Médecine, Chirurgie, anatomie, Pharmacologie, Botanique

Dictionnaire universel de médecine

de chirurgie, d'anatomie, de chymie, de pharmacie, de botanique, d'histoire naturelle, &c. Précédé d'un Discours historique sur l'origine & les progrès de la médecine

Auteur(s) : JAMES Robert, BUSSON Julien (éditeur scientifique)

 

DIDEROT Denis (traducteur), EIDOUS Marc-Antoine (traducteur), TOUSSAINT François-Vincent (traducteur)

 à Paris, rue Saint-Jacques, chez BRIASSON, à la Science & et à l'Ange gardien, DAVID l'aîné, à la Plume d'or, DURAND, à Saint-Landry & au Griffon
 revu, corrigé & augmenté ( première édition en français, l'édition originale en anglais date de 1743-1745))
  1746-1748
 6 vol (CXXXVI-9865 colonnes), deux colonnes par pages
 In-folio
 pleine basane marbrée d'époque, dos à nerfs orné avec pièce de titre et de tomaison, gardes marbrées
 bandeaux, lettrines ornées, culs-de-lampe, 66 planches dépliantes hors-texte (2 planches manquantes dans le tome 3)

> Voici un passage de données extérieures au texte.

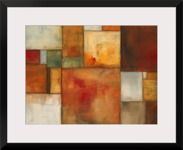 <p>Contemporary painting of squares and rectangles of different sizes and colors positioned together to make one rectangle.</p>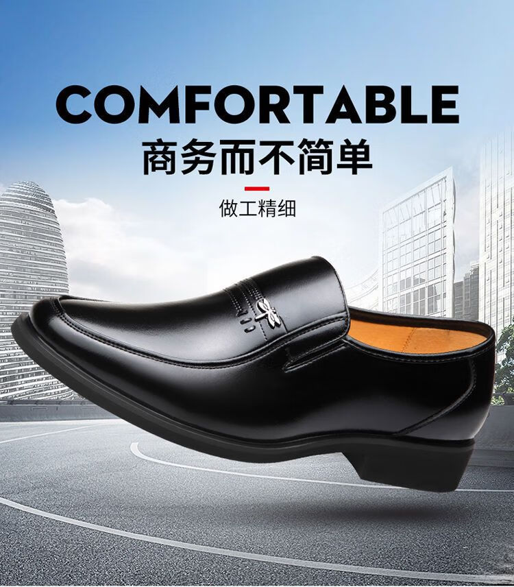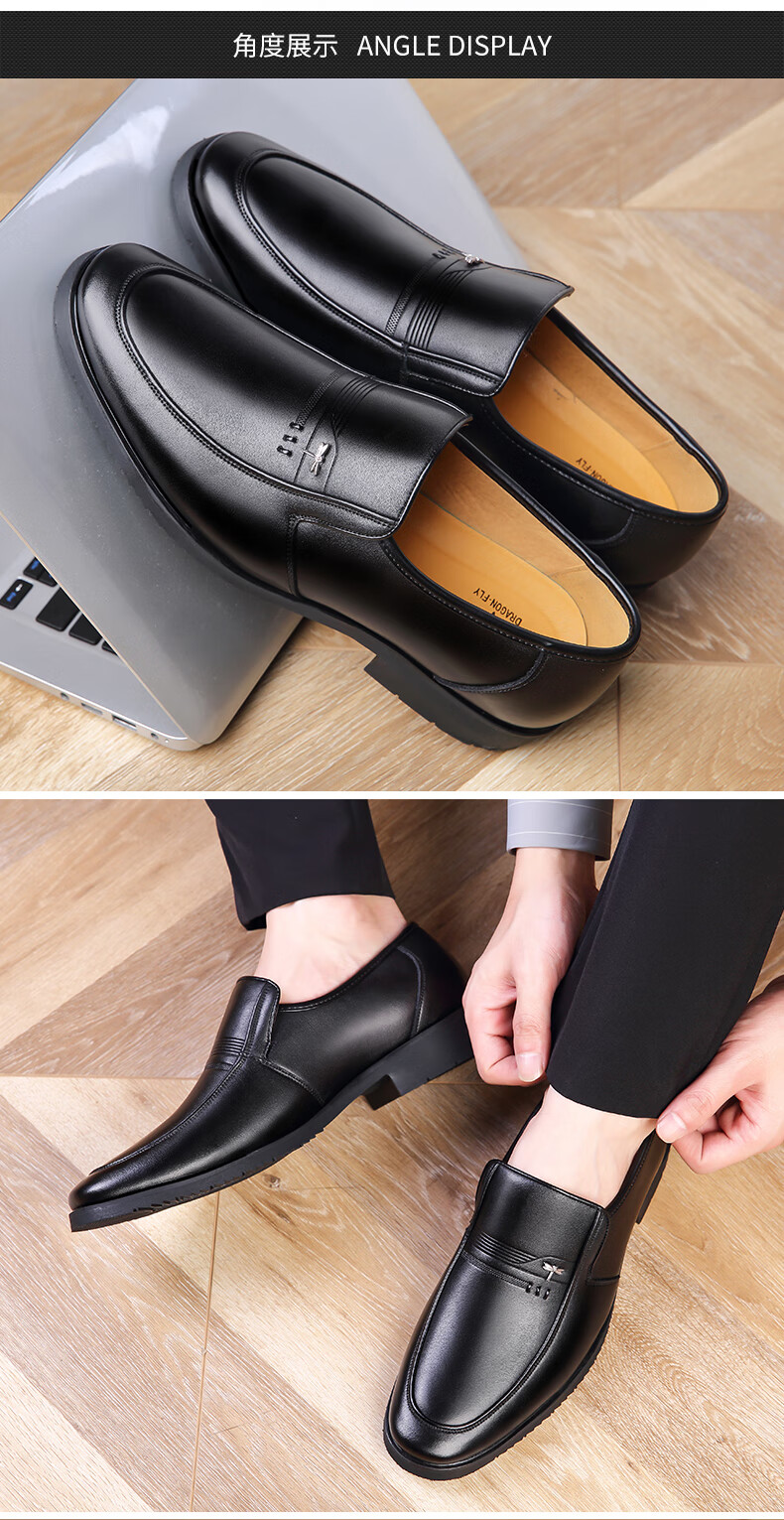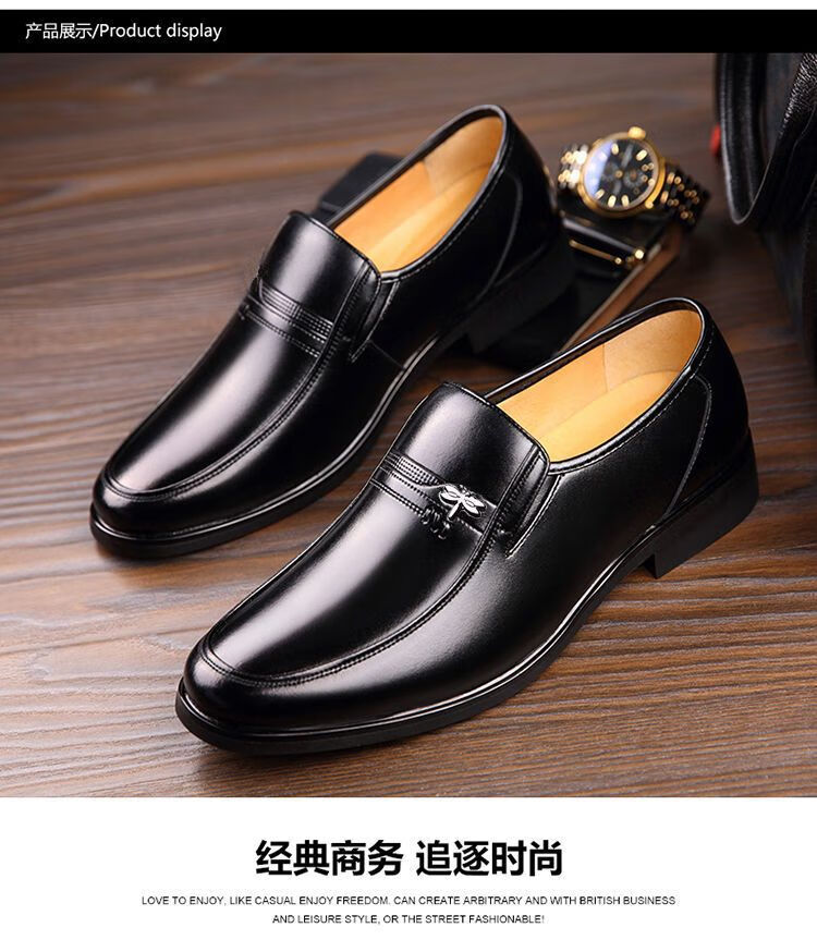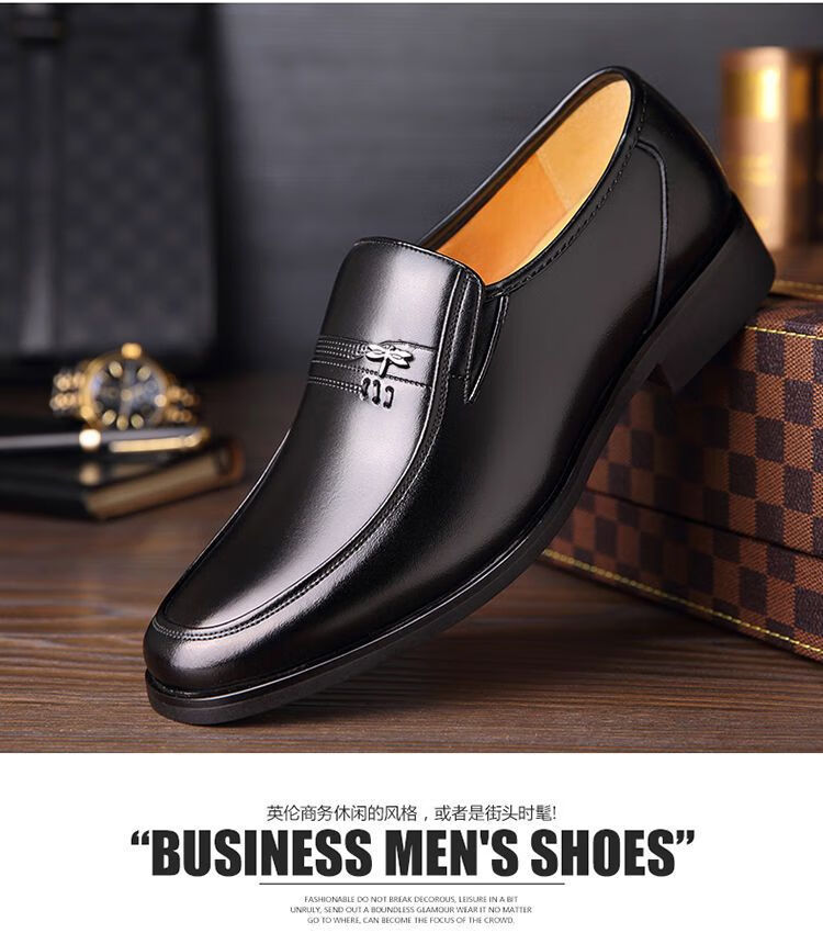 Dragonfly brand leather shoes, men's business casual shoes, fashionable footwear, work banquet suit, British fashion, versatile formal leather shoes, black 41

Plus d'informations sur cet ouvrage :

Le médecin anglais Robert JAMES est réputé en son temps pour avoir inventé une poudre diaphorétique qui allait porter son nom : “poudre de James” ou “Fever powder“. Entre 1743 et 1745 il publie un Medicinal Dictionary en trois volumes, rédigé avec l’aide de son ami Samuel JOHNSON. À sa sortie, ce dictionnaire de médecine sera considéré comme le meilleur dictionnaire pratique sur le sujet.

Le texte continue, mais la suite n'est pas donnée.